Olivier’s correct — Bush did try to separate Islamist terrorism from the vast majority of Muslims, in part because we’re relying on Muslim allies in the war on terror. Bush tried to rebuild Iraq into a pluralistic, cohesive, and democratic Muslim nation to show it could be done, and both Bush and Obama tried to do the same thing in Afghanistan. Right now, we’re clamoring to arm the Kurds, who are almost all Muslims, because they genuinely embrace pluralistic democracy and are willing to fight for it. Strategically, it doesn’t make any sense to alienate a billion Muslims by making blanket statements about their faith when we’re fighting the dangerous extremists among them.
However, Bush would not have claimed that the victims of the Paris attacks were “randomly selected folks,” nor would he have ignored the nature of the attacks in Copenhagen, either. Needless to say, his instincts for fighting this would include the efforts Obama mentions, but would have also included a lot more action on the part of the US and its allies. Indeed, Bush would have demanded a continuing presence in Iraq in order to keep his project on track, and that could have prevented the genocides that we’ve seen over the past year.

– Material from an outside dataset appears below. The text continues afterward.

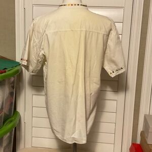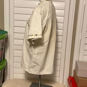 Discover elegance with this women's cream button down shirt, featuring stylish patterned accents. Perfect for any occasion.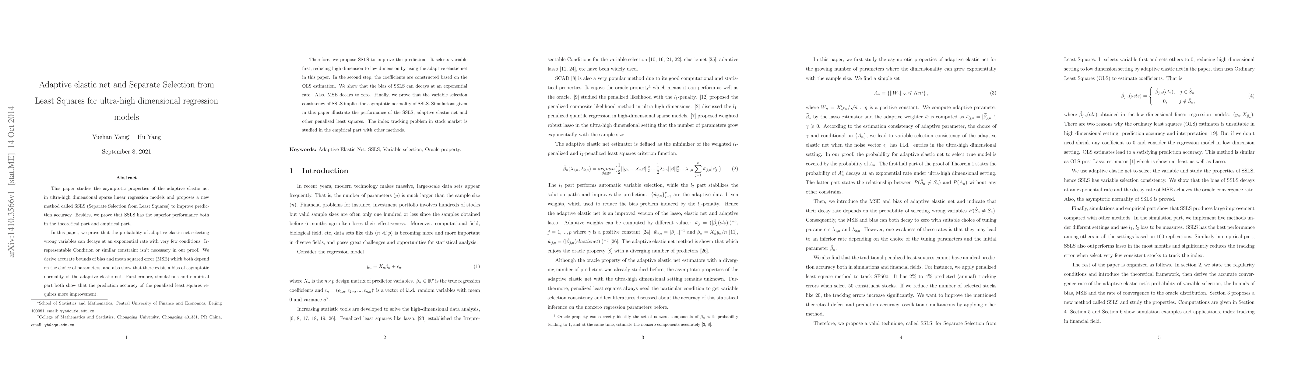 This paper studies the asymptotic properties of the adaptive elastic net in ultra-high dimensional sparse linear regression models and proposes a new method called SSLS (Separate Selection from Least Squares) to improve prediction accuracy. Besides, we prove that SSLS has the superior performance both in the theoretical part and empirical part. In this paper, we prove that the probability of adaptive elastic net selecting wrong variables can decays at an exponential rate with very few conditions. Irrepresentable Condition or similar constraint isn't necessary in our proof. We derive accurate bounds of bias and mean squared error (MSE) which both depend on the choice of parameters, and also show that there exists a bias of asymptotic normality of the adaptive elastic net. Furthermore, simulations and empirical part both show that the prediction accuracy of the penalized least squares requires more improvement. Therefore, we propose SSLS to improve the prediction. It selects variable first, reducing high dimension to low dimension by using the adaptive elastic net in this paper. In the second step, the coefficients are constructed based on the OLS estimation. We show that the bias of SSLS can decays at an exponential rate. Also, MSE decays to zero. Finally, we prove that the variable selection consistency of SSLS implies the asymptotic normality of SSLS. Simulations given in this paper illustrate the performance of the SSLS, adaptive elastic net and other penalized least squares. The index tracking problem in stock market is studied in the empirical part with other methods.

I’m pretty sure he wouldn’t have suggested that the extremists have “legitimate grievances,” either:
Governments that deny human rights play into the hands of extremists who claim that violence is the only way to achieve change. Efforts to counter violent extremism will only succeed if citizens can address legitimate grievances through the democratic process and express themselves through strong civil societies.
This seems like a fancier way to make Marie Harf’s argument to Chris Matthews, which is that Islamist extremism is due to a lack of jobs and economic opportunities. That’s absurd; we’ve had poverty since civilization began, and we have it around the world. Yet the violent extremism that threatens the US and the West has a very specific intent — and as Graeme Wood explained this week in The Atlantic, it’s not hijacking Islam at all, but applying the original version of it to today. Fighting it will take a lot more than a hashtag campaign.
Clearly, someone at the White House has been paying attention to the furor over recent remarks made by Obama, Harf, and others in this administration about the nature of the war we are fighting. Too bad they’re still paying more attention to the messaging and not the war itself.